Cary: Subdivision Ordinances

Through the process of creating its 2001 Land Use Plan, the town of Cary, NC, formulated goals for itself: retain a sense of place, have a more human-scale and pedestrian-oriented environment, avoid strip development along arterials, focus commercial activity into discrete nodes, and increase connectivity. Street connectivity was seen as a way to foster a sense of community by creating places that encouraged informal, casual interactions and meetings.

The town emphasized street-connectivity standards when creating its Design Guidelines, which immediately followed the Land Use Plan. The guidelines outlined connectivity characteristics, such as developments should be linked by roads and continuous sidewalks and have easy-to- use internal-circulation networks for all modes of travel. The guidelines also divided developments into different categories and provided developers with illustrative plans and a checklist of desired elements for each development type. For residential subdivisions, the design guidelines recommended reducing the use of cul-de-sacs or adapting them to include pedestrian or bicycle connections.

The 2003 update to Cary’s Land Development Ordinance mandated that blocks should be no more than 1,250′ in length to create minimum street-connectivity standards for new residential development.

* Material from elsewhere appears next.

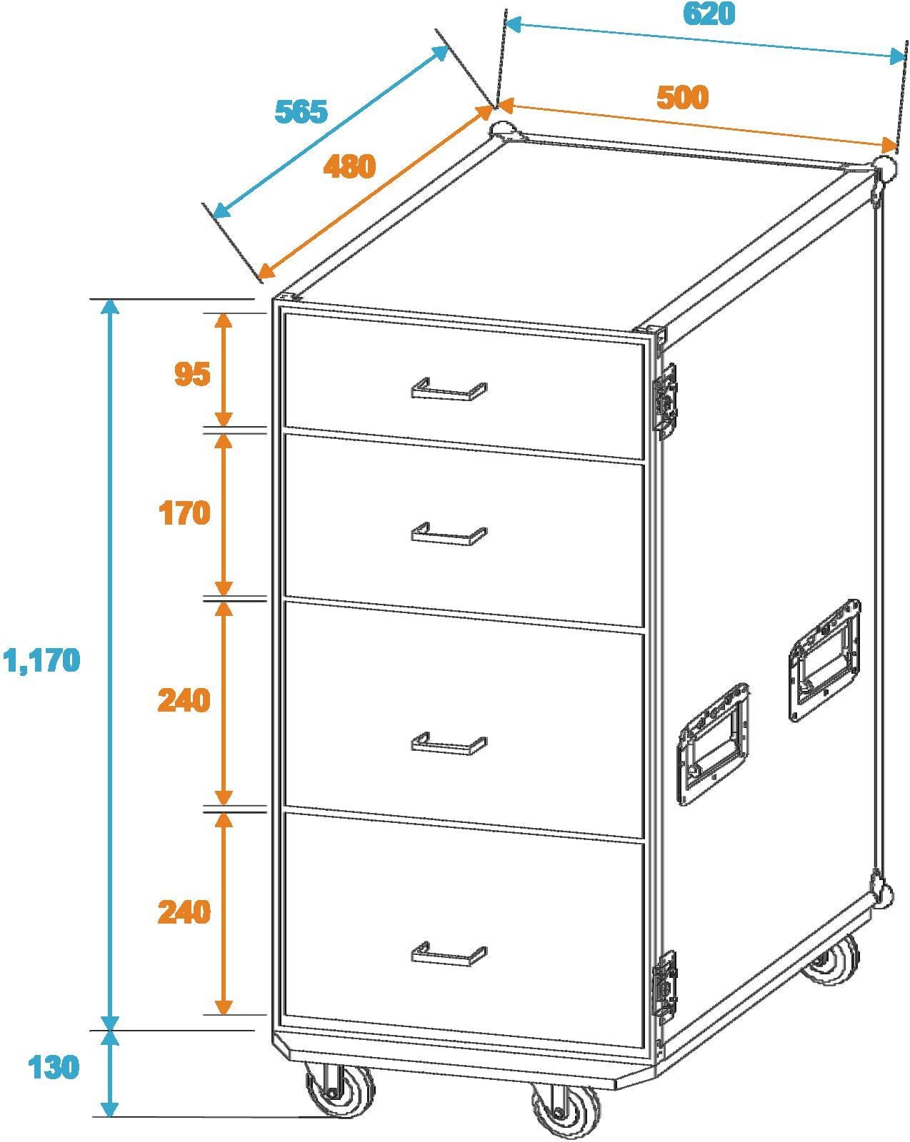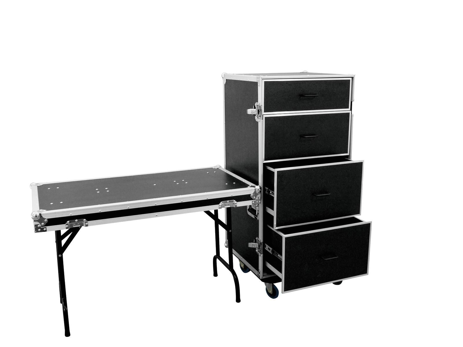 Flightcase mit integriertem Schreibtisch und 4 Schubladen (2 x 7,5 HE, 1 x 6 HE, 1 x 4 HE)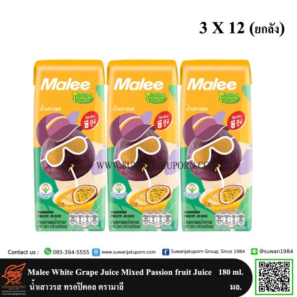 Malee White Grape Juice Mixed Passion fruit Juice (Carton) น้ำเสาวรส ทรอปิคอล ตรามาลี (ยกลัง)

The town’s 2007 Pedestrian Plan recommended further updates to the Design Guidelines and Land Development Ordinance to improve pedestrian connectivity standards throughout the town. Recommended edits included requiring vehicular and pedestrian access to at least two public streets for all developments with more than 100 residential units and creating a pedestrian connectivity index to supplement the existing vehicular-oriented street connectivity index.